Article III A (11) (a) (1) of the 雇主 Benefit Plan provides:

第三条-福利

A. 健康的好处

(11) 一般的除外
(a) In addition to the specific exclusions otherwise contained in the Plan, 以下情况也不提供福利:

1. Cases covered by workers’ compensation laws or employer’s liability acts or services for which an employer is required by law to furnish in whole or in part.

讨论

根据雇主福利计划第II A(1)条, 原告, 积极的雇员, is eligible for health benefits coverage by the Respondent.
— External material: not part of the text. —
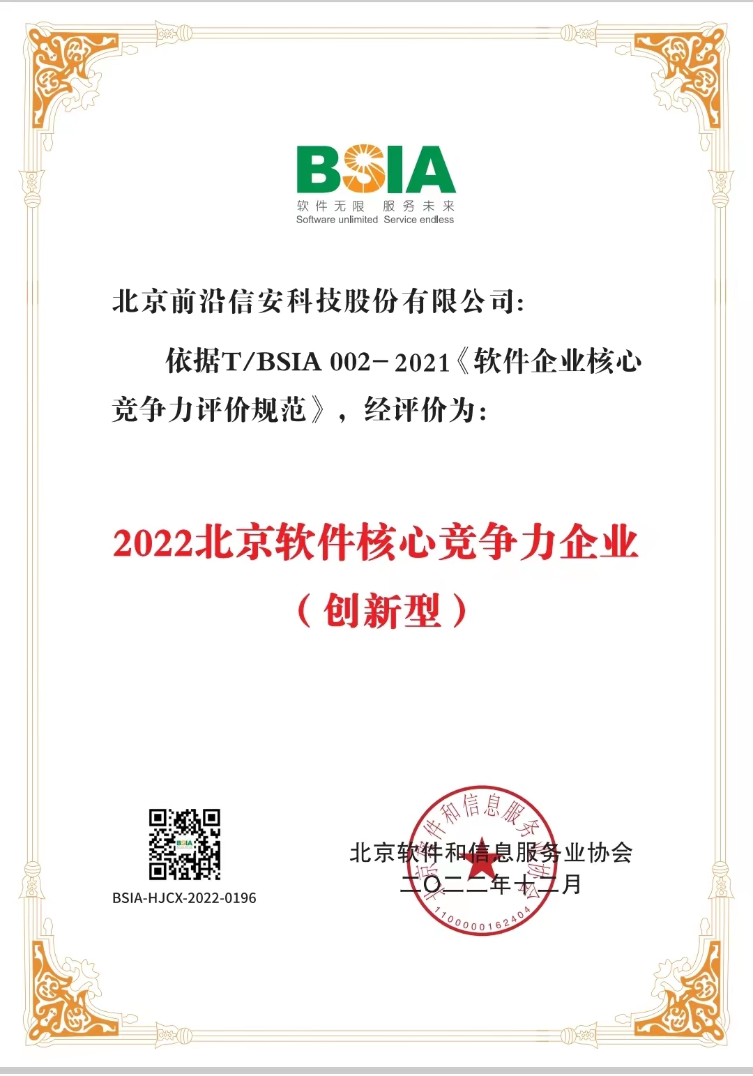 2022年12月,依據T/BSIA 002-2021《軟件企業核心競爭力評價規范》前沿信安取得了2022北京軟件核心競爭力企業(創新型)認定證書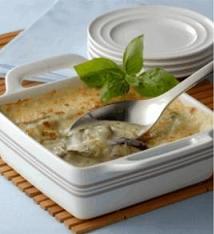يُغطّى قعر صينية بايركس بالقليل من صلصة البشاميل ثم توضع طبقة من الكوسا الخضراء ثم الصلصة البيضاء ويليها الباذنجان ثم طبقة ثانية من الصلصة البيضاء ثمّ الكوسا الصفراء

Article III A (11) of the Plan outlines general exclusions, one of which is “cases covered by worker’s compensation laws or 雇主’s liability acts or services which an 雇主 is required by law to furnish in whole or in part.“然而, there is no evidence that 原告 received a worker’s compensation award or agreed to settle a worker’s compensation claim.

As 原告’s July 1984 medical treatment for his back did not meet the criteria for consideration as a workers’ compensation case because the two year statute of limitations had expired, the Trustees find that it cannot be considered a “case covered by worker’s compensation” within the meaning of Article III A (11). The Trustees therefore conclude that the Respondent is responsible for payment of medical bills incurred by 原告 in July 1984.

受托人的意见

The Respondent is responsible for payment of 原告’s medical bills incurred in July 1984.